Your job is to print, exactly, the lines in the data below from the line with "Zakończenie karnawału, to" through the line with "de 2023. | ||", both included, and to omit any picture.

** Opening RECORDS FOR PROCESSING block **

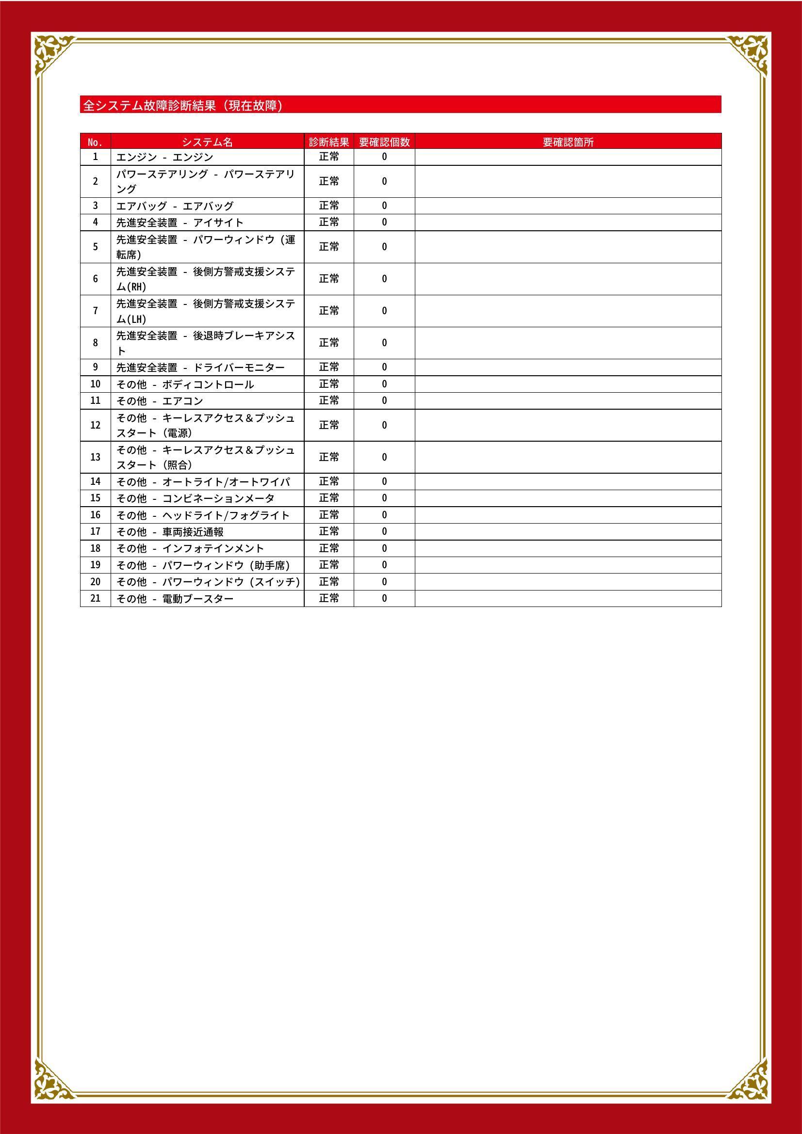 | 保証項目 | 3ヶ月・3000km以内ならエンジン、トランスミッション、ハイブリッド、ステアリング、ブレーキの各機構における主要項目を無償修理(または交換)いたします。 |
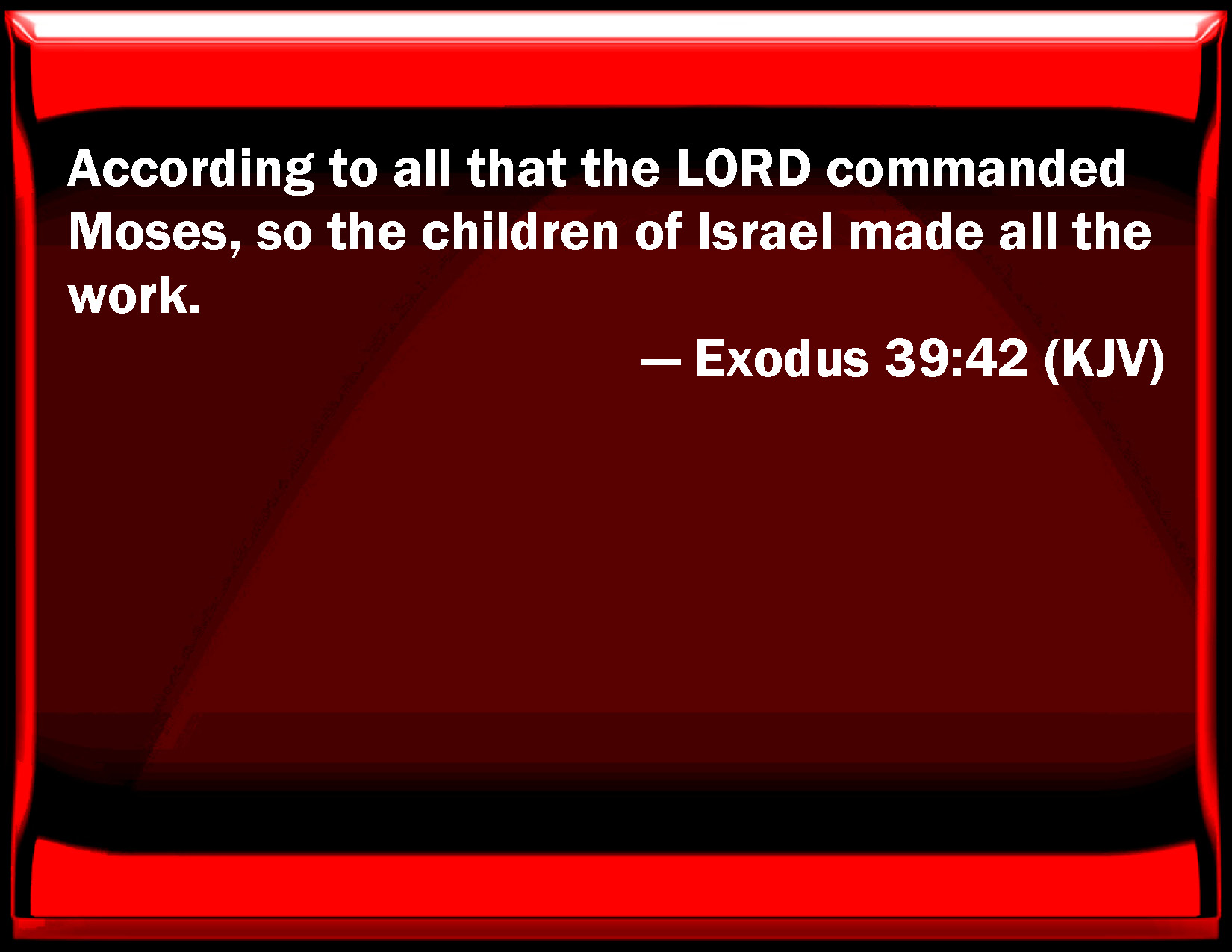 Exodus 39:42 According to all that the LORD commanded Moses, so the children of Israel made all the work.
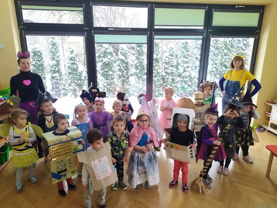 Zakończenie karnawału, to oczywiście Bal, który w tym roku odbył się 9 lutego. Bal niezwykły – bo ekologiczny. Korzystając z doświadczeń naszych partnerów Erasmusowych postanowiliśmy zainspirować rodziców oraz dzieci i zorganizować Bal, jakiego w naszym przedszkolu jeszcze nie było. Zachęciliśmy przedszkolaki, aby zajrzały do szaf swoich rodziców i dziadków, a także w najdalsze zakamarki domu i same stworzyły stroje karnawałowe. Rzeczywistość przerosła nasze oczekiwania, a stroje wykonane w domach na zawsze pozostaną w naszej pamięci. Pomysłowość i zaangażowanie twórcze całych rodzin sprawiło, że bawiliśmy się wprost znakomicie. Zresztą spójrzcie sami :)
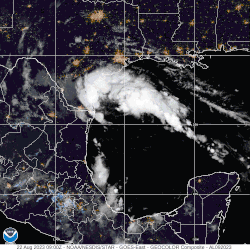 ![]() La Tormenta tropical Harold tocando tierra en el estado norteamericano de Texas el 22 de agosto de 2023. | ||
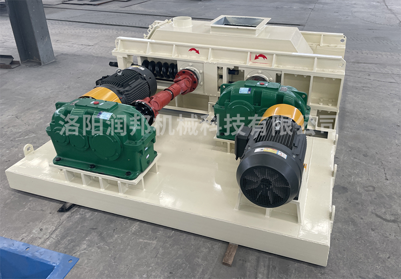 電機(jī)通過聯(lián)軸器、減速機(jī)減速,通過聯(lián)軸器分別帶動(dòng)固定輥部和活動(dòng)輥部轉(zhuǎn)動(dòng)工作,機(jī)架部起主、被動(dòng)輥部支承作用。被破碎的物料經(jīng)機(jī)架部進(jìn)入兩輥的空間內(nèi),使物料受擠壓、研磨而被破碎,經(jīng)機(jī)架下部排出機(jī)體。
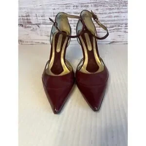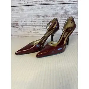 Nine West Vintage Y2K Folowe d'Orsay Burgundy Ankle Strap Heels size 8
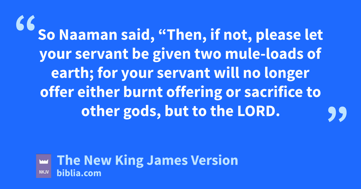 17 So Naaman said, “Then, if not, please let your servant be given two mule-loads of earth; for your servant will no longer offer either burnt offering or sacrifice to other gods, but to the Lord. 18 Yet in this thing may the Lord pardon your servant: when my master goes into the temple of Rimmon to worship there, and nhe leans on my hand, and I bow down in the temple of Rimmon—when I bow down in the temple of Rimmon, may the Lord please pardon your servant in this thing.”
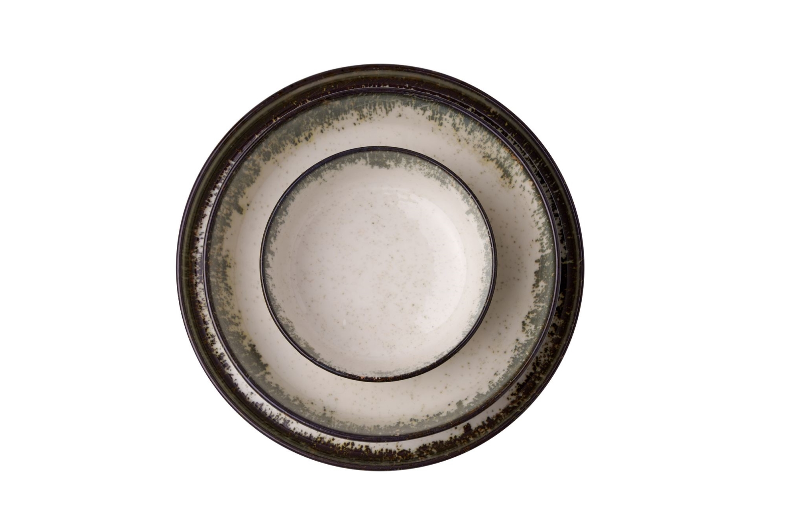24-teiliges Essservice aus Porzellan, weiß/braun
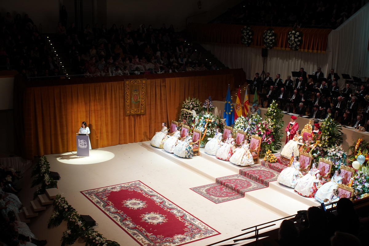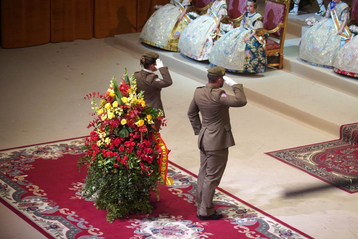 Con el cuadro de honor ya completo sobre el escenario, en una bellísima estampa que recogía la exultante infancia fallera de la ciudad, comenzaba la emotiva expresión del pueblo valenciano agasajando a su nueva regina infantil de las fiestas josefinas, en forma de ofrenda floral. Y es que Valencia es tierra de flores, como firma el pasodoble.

** Closing RECORDS FOR PROCESSING block **

→ **EXERCISE OUTPUT**:
 Zakończenie karnawału, to oczywiście Bal, który w tym roku odbył się 9 lutego. Bal niezwykły – bo ekologiczny. Korzystając z doświadczeń naszych partnerów Erasmusowych postanowiliśmy zainspirować rodziców oraz dzieci i zorganizować Bal, jakiego w naszym przedszkolu jeszcze nie było. Zachęciliśmy przedszkolaki, aby zajrzały do szaf swoich rodziców i dziadków, a także w najdalsze zakamarki domu i same stworzyły stroje karnawałowe. Rzeczywistość przerosła nasze oczekiwania, a stroje wykonane w domach na zawsze pozostaną w naszej pamięci. Pomysłowość i zaangażowanie twórcze całych rodzin sprawiło, że bawiliśmy się wprost znakomicie. Zresztą spójrzcie sami :)
 ![]() La Tormenta tropical Harold tocando tierra en el estado norteamericano de Texas el 22 de agosto de 2023. | ||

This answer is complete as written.